There were all sorts of “doings.” Some of the younger people had a good time in and on the lake, diving, swimming, rowing. The children had their game, the merry-go-round, and other amusement devices. Some of the youngsters shouted hilariously and dashed about. Most of them, perhaps, looked healthy enough; not a few, however, were all too obviously working-class children growing up during a great economic crisis in dismal, musty dwellings along cinder-strewn streets and alley-ways. They were thin and old-looking, many of them wearing cheap eye-glasses; and malnutrition was the reason.

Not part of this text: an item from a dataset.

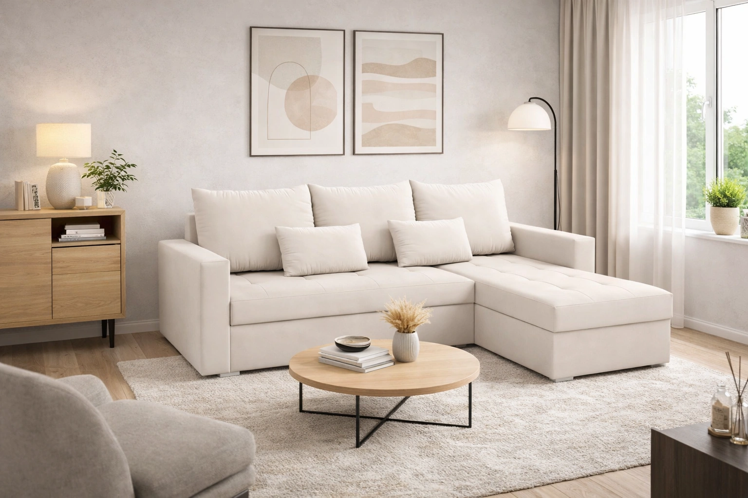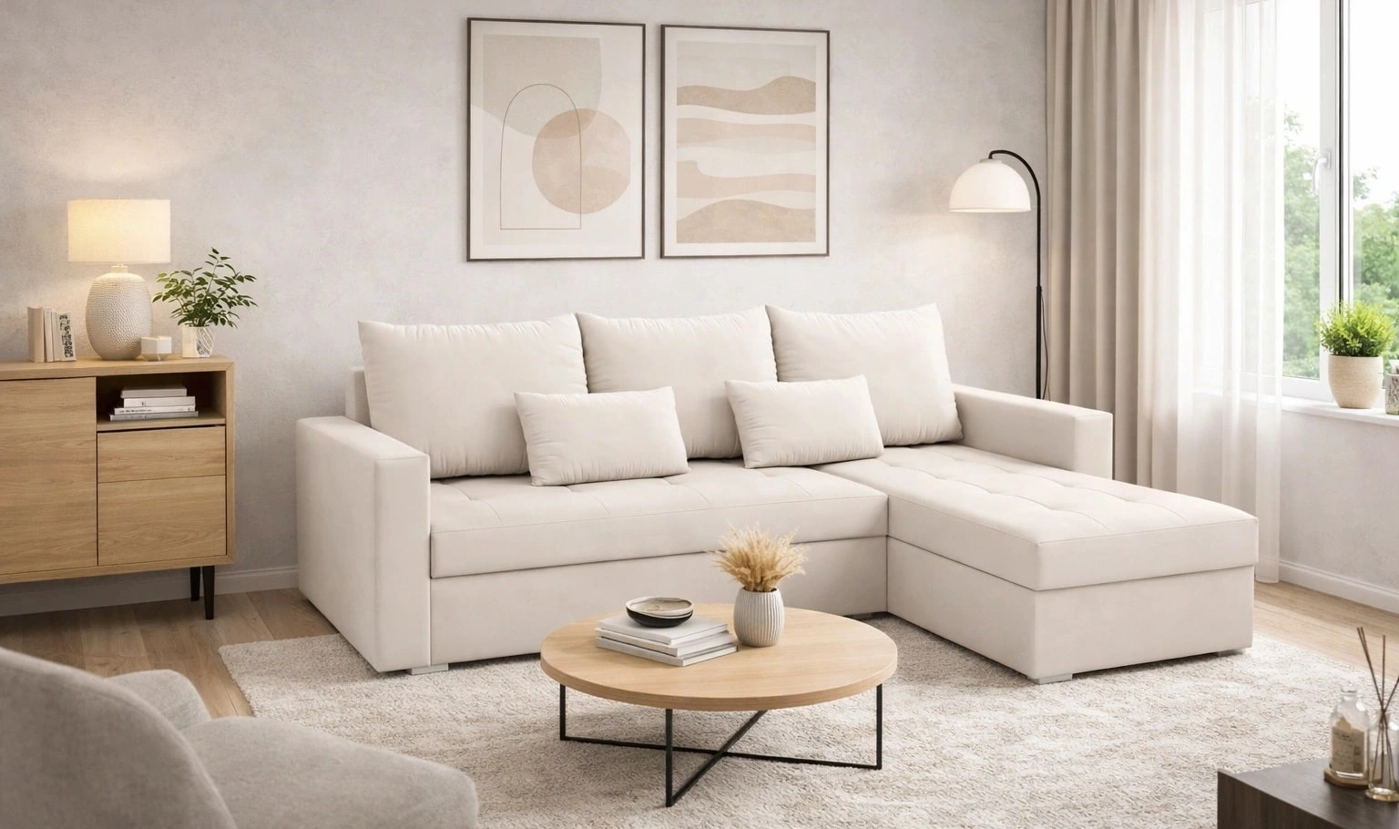 Rohová pohovka Fasti Bis ve světle béžové barvě je ideálním řešením pro obývací pokoj, které se hodí do jakéhokoli interiéru.
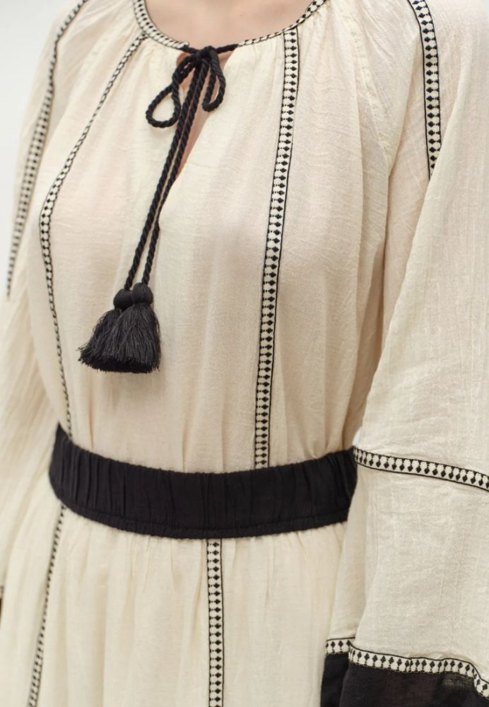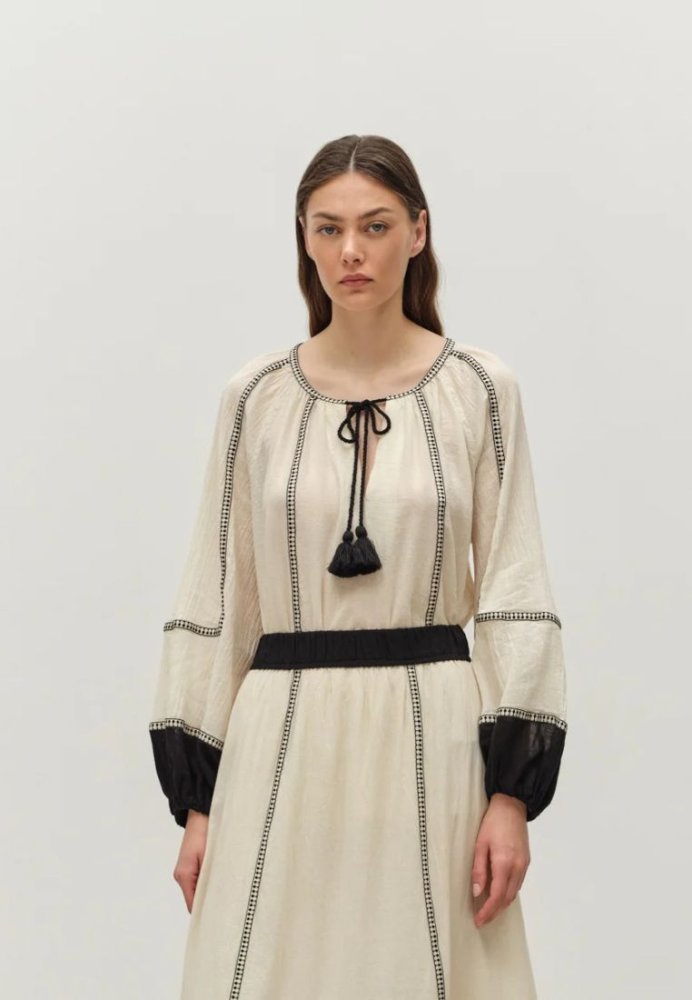 Super smuk top fra Devotion Twins i en let bomuldskvalitet. Toppen har rund halsudskæring, lange ballonærmer og fine sorte detaljer, der skaber et elegant og afslappet udtryk. Perfekt til både jeans, nederdele eller over en sommerkjole. En luftig og alsidig top, som du uden tvivl vil blive glad for.

Women of all ages, wearing cheap clothes, sat on the grass in small groups, chatting, or just sitting in silence, keeping an eye on the kids. Some of them no doubt were younger than they looked. Lots of them had bad teeth; for years they had had no money for dental work. A few of them, here and there, talked among themselves of what had happened in Pittsburgh the day before. No strike, thank God! They were relieved by the sudden turn of events. They approved the decision of the delegates to the “strike” convention not to strike. They didn’t know (as I indicated in my last article) that that decision had been made for the delegates by President Roosevelt, Secretary of Labor Perkins, General Johnson, William Green, and the old leaders of the A. A. Anyhow, they were glad, these steel workers’ wives, that the men were not going to strike right away. Times were so hard, and some of the men were just beginning to work again a little after years of almost steady idleness. And had a strike been started, some of the men would surely have been killed or wounded, for a number of the mills had armed for battle. What good would that have done?
“Of course,” I overheard a woman say, “it would be different if we, I mean the men, could pull a real strike, a real one–all the steel and iron and tin workers organized in one union–all quitting at the same time, then just staying home till they got what they wanted, and none of ’em going near the mills to be shot at. But as things are now, the workers are all split up. Here are these A. A. lodges of Young Boys and Old Boys that don’t get along: like cats and dogs. There’s the communist union. All kinds of unions, none of ’em pullin’ together. And then those company unions–”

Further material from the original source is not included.